We described and quantified differences in zooplankton communities among treatments using descriptive and inferential multivariate methods. We first ordinated the zooplankton communities using nonmetric multidimensional scaling (NMDS) based on Bray–Curtis similarity values. Because our experimental design had very low (or no) replication within treatment groups, we could not formally test for differences in zooplankton community structure among treatment groups. Instead, we tested for a correlation between difference in treatment group (percent of loosestrife flowers) and Bray–Curtis community similarity via a Mantel’s test. Finally, to identify key differences in zooplankton communities between treatment groups, we pooled all zooplankton into four major functional/taxonomic groups (rotifers, cladocerans, copepods, or ostracods) and then conducted a SIMPER analysis to identify the groups that contributed the greatest change in Bray–Curtis similarity values among treatments. The SIMPER analysis was restricted to the 100, 50, and 0 % flower treatment categories, each of which were replicated twice. Multivariate community analyses were conducted in PAST (Hammer et al. 2001) and R (R Development Core Team, version 2.13.1).
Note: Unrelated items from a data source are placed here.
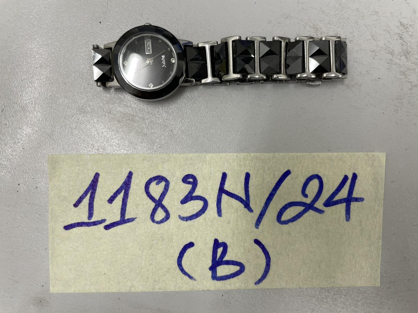 Ngày tiếp nhận: 22/7/2024 Mã hồ sơ: 1183N2024B Mô tả: 01 đồng hồ màu bạc, dây kim loại màu đen bạc hiệu RADO |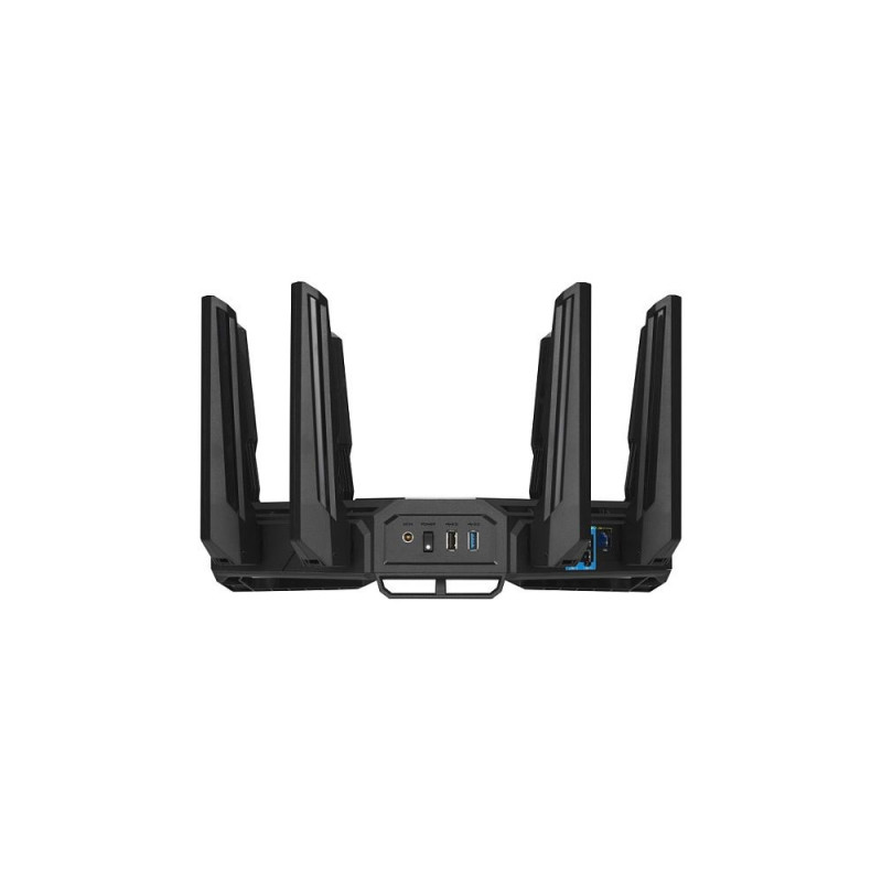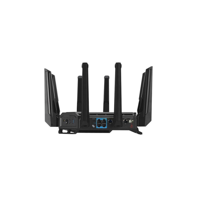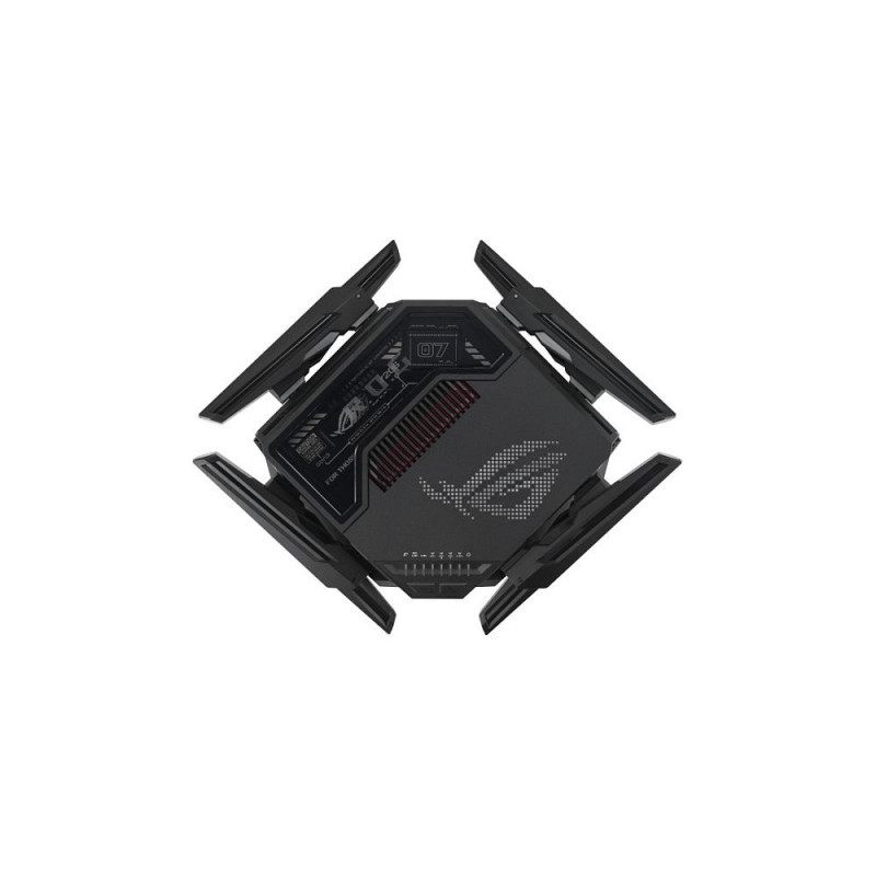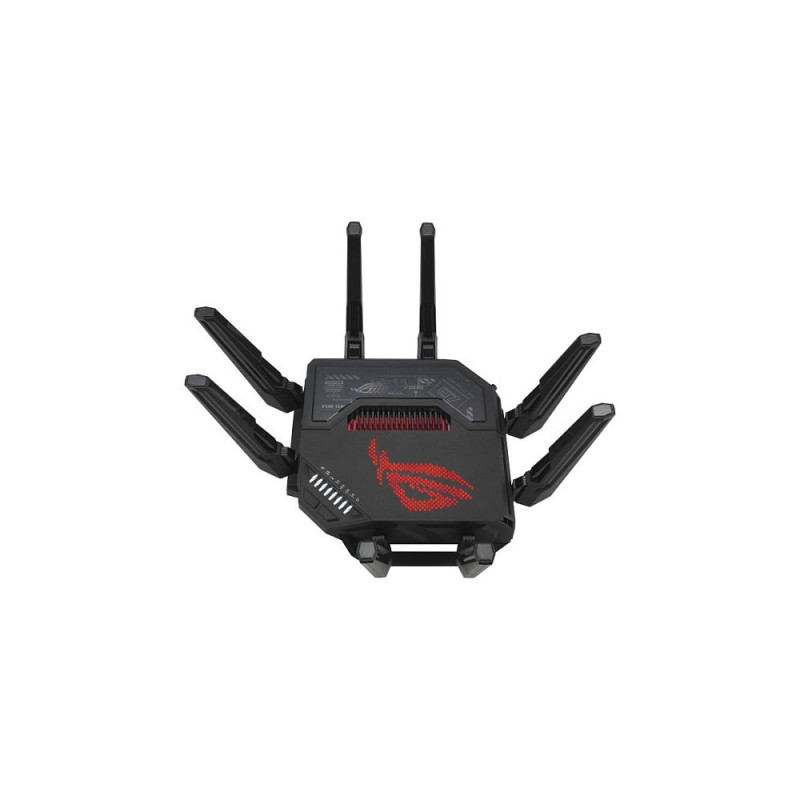 "ASUS ROG Rapture GT-BE98. WLAN-Band: Quad-band (2.4 GHz / 5 GHz-1 / 5 GHz-2 / 6 GHz), Top WLAN-Standard: Wi-Fi 7 (802.11be), WLAN Datentransferrate (max.): 11529 Mbit/s. Schnittstellentyp Ethernet-LAN: 10 Gigabit Ethernet, Ethernet LAN Datentransferraten: 10,100,1000,2500,10000 Mbit/s, VPN Unterstützung: VPN Client L2TP VPN Client Open VPN VPN Client PPTP VPN Client WireGuard VPN Server IPSec VPN.... Unterstützte Sicherheitsalgorithmen: SSH, WPA-Enterprise, WPA-PSK, WPA2-Enterprise, WPA2-PSK, WPA3-Enterprise, WPA3-PSK, WPS. Produkttyp: Tabletop-Router, Produktfarbe: Schwarz, LED-Anzeigen: LAN, Leistung, WAN. Mitgelieferte Kabel: LAN (RJ-45)"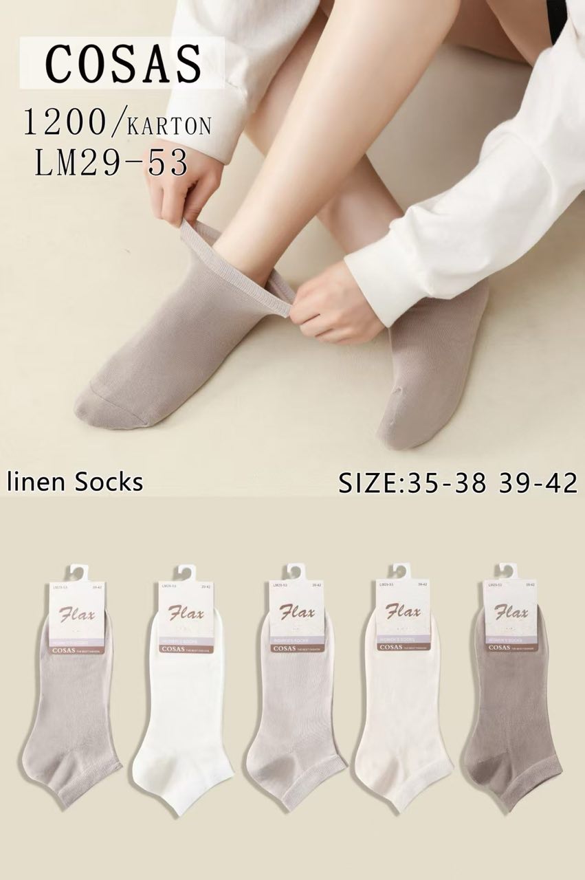 CosasЖіночі шкарпетки з натурального льону – ідеальний вибір для теплої пори року. Легкі, дихаючі та приємні до тіла, вони забезпечують комфорт протягом усього дня. Завдяки натуральним волокнам льону шкарпетки добре пропускають повітря, допомагають підтримувати оптимальний мікроклімат і зменшують потовиділення.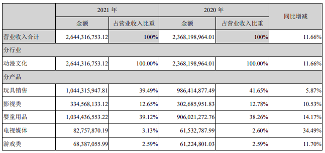 之后,奥飞的财报将动漫玩具与非动漫玩具类整合,2015年的玩具类收入占总营收62.41%,而影视类只占16.3%。一直到2017年,玩具销售收入始终占总营收的50%以上;2021年以前,玩具销售都是奥飞娱乐营收占比最高的业务。

Insect visitation rates were higher in wetlands with greater numbers of loosestrife flowers available (Fig. 2a, F 1,6 = 14.13, P = 0.0094, r 2 = 0.65, standardized regression coefficient = 0.84). There were no species-specific or size-specific trends in pollinator abundance or behavior across the floral density treatment (P > 0.20 in all cases). In addition, we found evidence of a positive relationship between loosestrife flower treatment and number of adult dragonflies that visited the experimental wetlands (Fig. 2b, F 1,6 = 5.37, P = 0.059, r 2 = 0.38, standardized regression coefficient = 0.69) and number of dragonfly oviposition events (Fig. 2c, F 1,6 = 11.37, P = 0.015, r 2 = 0.60, standardized regression coefficient = 0.81).
Fig. 2

The abundances of a pollinating insects, b adult dragonflies, c dragonfly oviposition events, and d dragonfly larvae in wetlands increased with purple loosestrife (L. salicaria) flower abundance. Abundances were summed over equal sampling effort for each tank. The data points in each panel were fitted with a linear regression (solid line)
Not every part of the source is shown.